* [SUPPLIED MATERIAL]
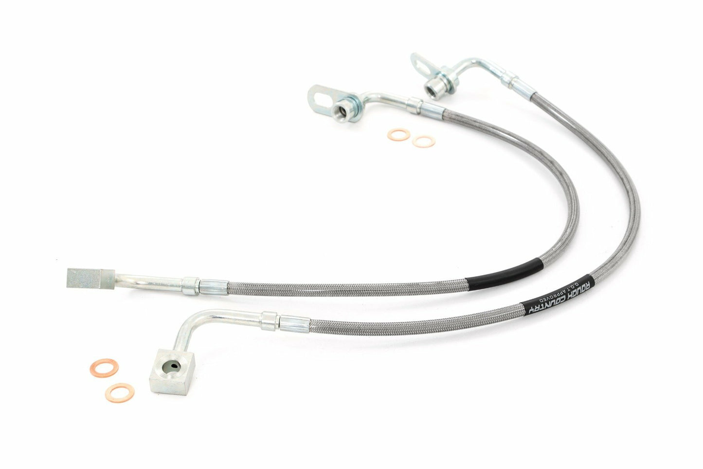 Upgrade your worn-out rubber brake lines with Rough Country's Stainless Extended Steel Brake Line Kit. Our DOT-approved brake line kits offer the necessary extra length to install your application, perfect for vehicles lifted 6in and for anyone who wants to swap out poor-performing or decaying factory brake lines.Rough Country's Stainless Steel replacements offer superior protection and a seriously long lifespan. A braided stainless steel exterior keeps your lines free from off-roaddebris, rocks, and mud that can penetrate factory rubber lines. This durable outer layer also prevents expansion of the internal Teflon layer - even under 4,000PSI - keeping fluid moving to the brake line for a noticeably firmer brake pedal feel. High-quality hollow fasteners at both ends of each brake line provide a leak-free flow path.
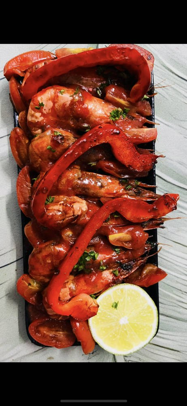 Крупные, сочные и мясистые креветки (примерно 7–8 штук в порции). Идеально приготовлены, чтобы сохранить натуральный вкус и текстуру. Подаются с долькой лайма, ароматной зеленью и фирменным соусом. ">
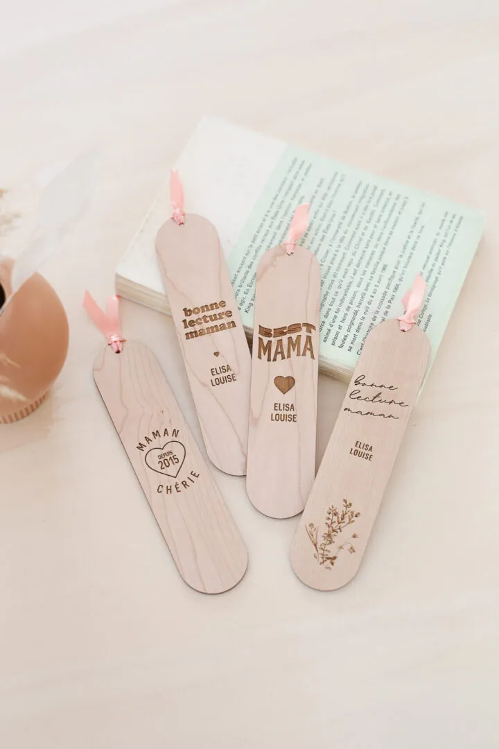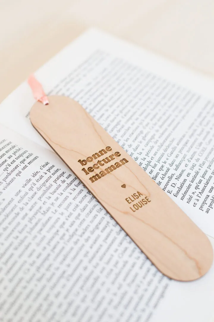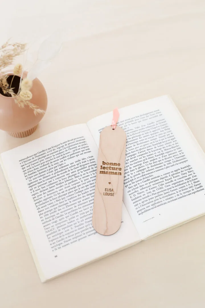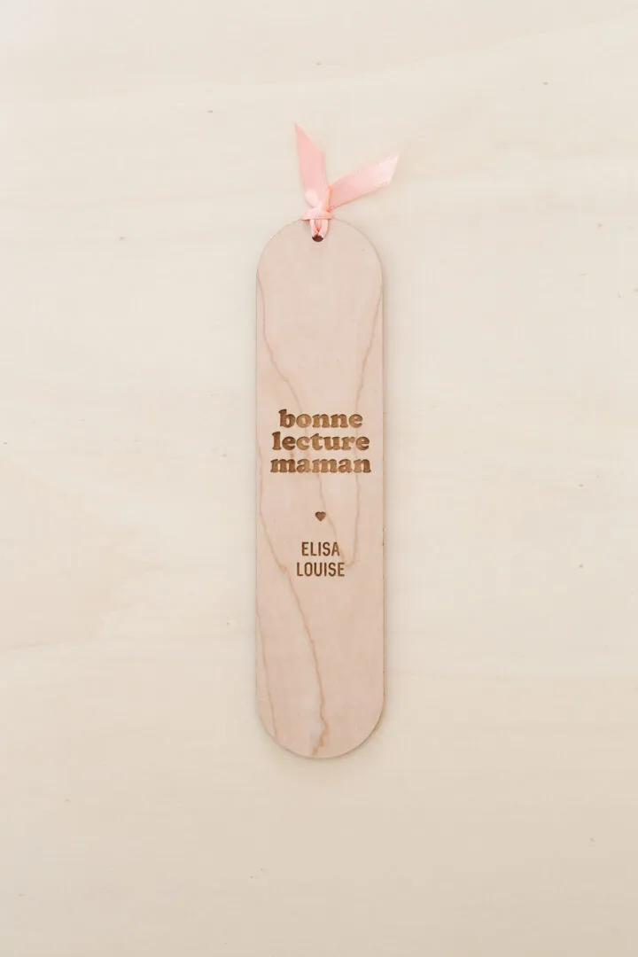 Un marque page en bois avec une gravure « BONNE LECTURE MAMAN » et son petit noeud de satin rose. « BONNE LECTURE MAMAN » personnalisé du prénom de(s) enfant(s) pour accompagner votre maman en pensée à chacune de ses lectures. Délais de fabrication : 2 jours Livraison : 72h en lettre suivie Matériaux : bois d’érable + ruban de satin Dimensions : 17×4 cm – épaisseur 3mm
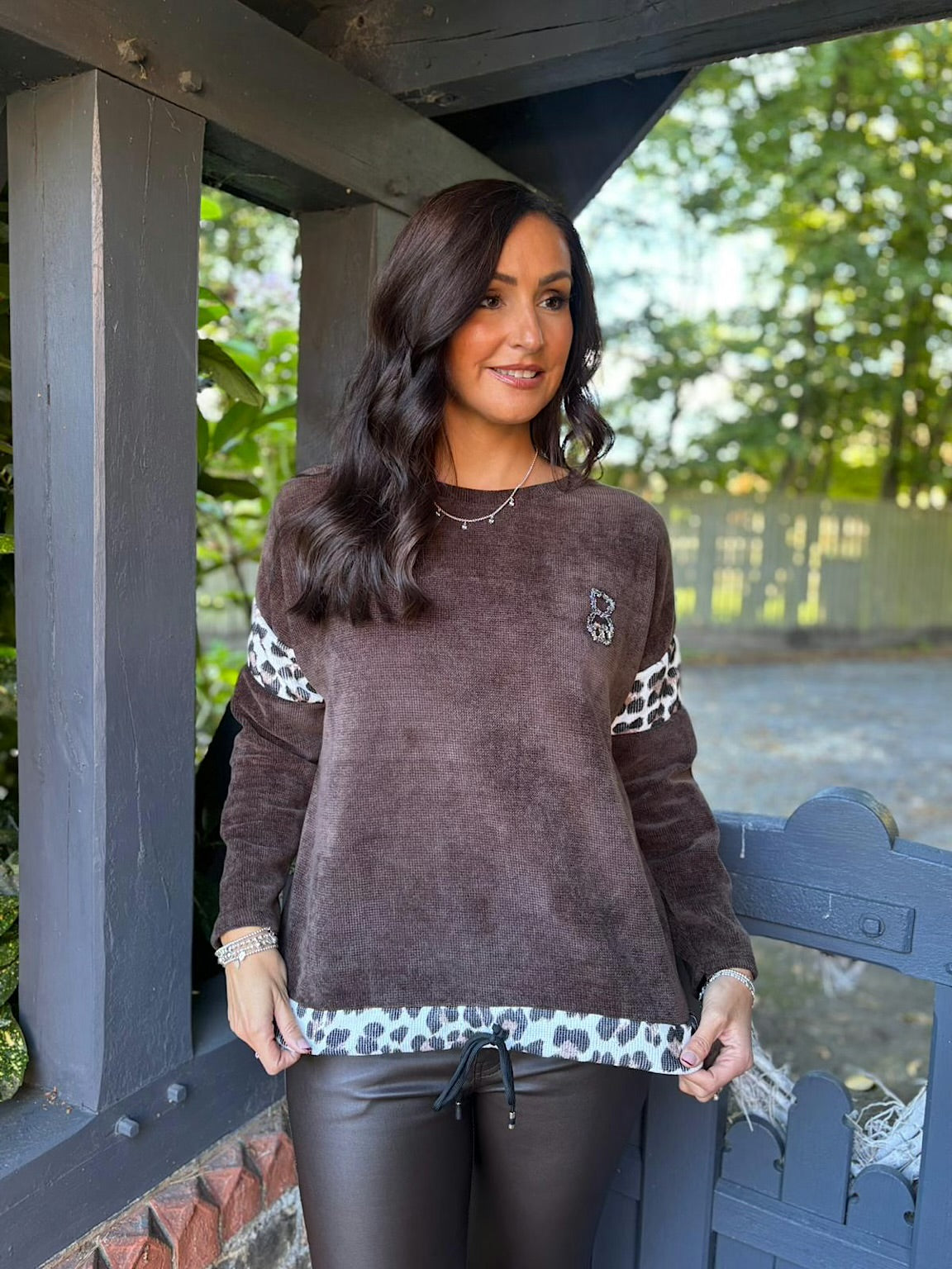 Chocolate Animal Trim Textured Top Ada

* [WHAT THE TASK REQUIRES] Transcribe the listing exactly, skipping pictures.

* [SOLUTION]
 Upgrade your worn-out rubber brake lines with Rough Country's Stainless Extended Steel Brake Line Kit. Our DOT-approved brake line kits offer the necessary extra length to install your application, perfect for vehicles lifted 6in and for anyone who wants to swap out poor-performing or decaying factory brake lines.Rough Country's Stainless Steel replacements offer superior protection and a seriously long lifespan. A braided stainless steel exterior keeps your lines free from off-roaddebris, rocks, and mud that can penetrate factory rubber lines. This durable outer layer also prevents expansion of the internal Teflon layer - even under 4,000PSI - keeping fluid moving to the brake line for a noticeably firmer brake pedal feel. High-quality hollow fasteners at both ends of each brake line provide a leak-free flow path.
 Крупные, сочные и мясистые креветки (примерно 7–8 штук в порции). Идеально приготовлены, чтобы сохранить натуральный вкус и текстуру. Подаются с долькой лайма, ароматной зеленью и фирменным соусом. ">
 Un marque page en bois avec une gravure « BONNE LECTURE MAMAN » et son petit noeud de satin rose. « BONNE LECTURE MAMAN » personnalisé du prénom de(s) enfant(s) pour accompagner votre maman en pensée à chacune de ses lectures. Délais de fabrication : 2 jours Livraison : 72h en lettre suivie Matériaux : bois d’érable + ruban de satin Dimensions : 17×4 cm – épaisseur 3mm
 Chocolate Animal Trim Textured Top Ada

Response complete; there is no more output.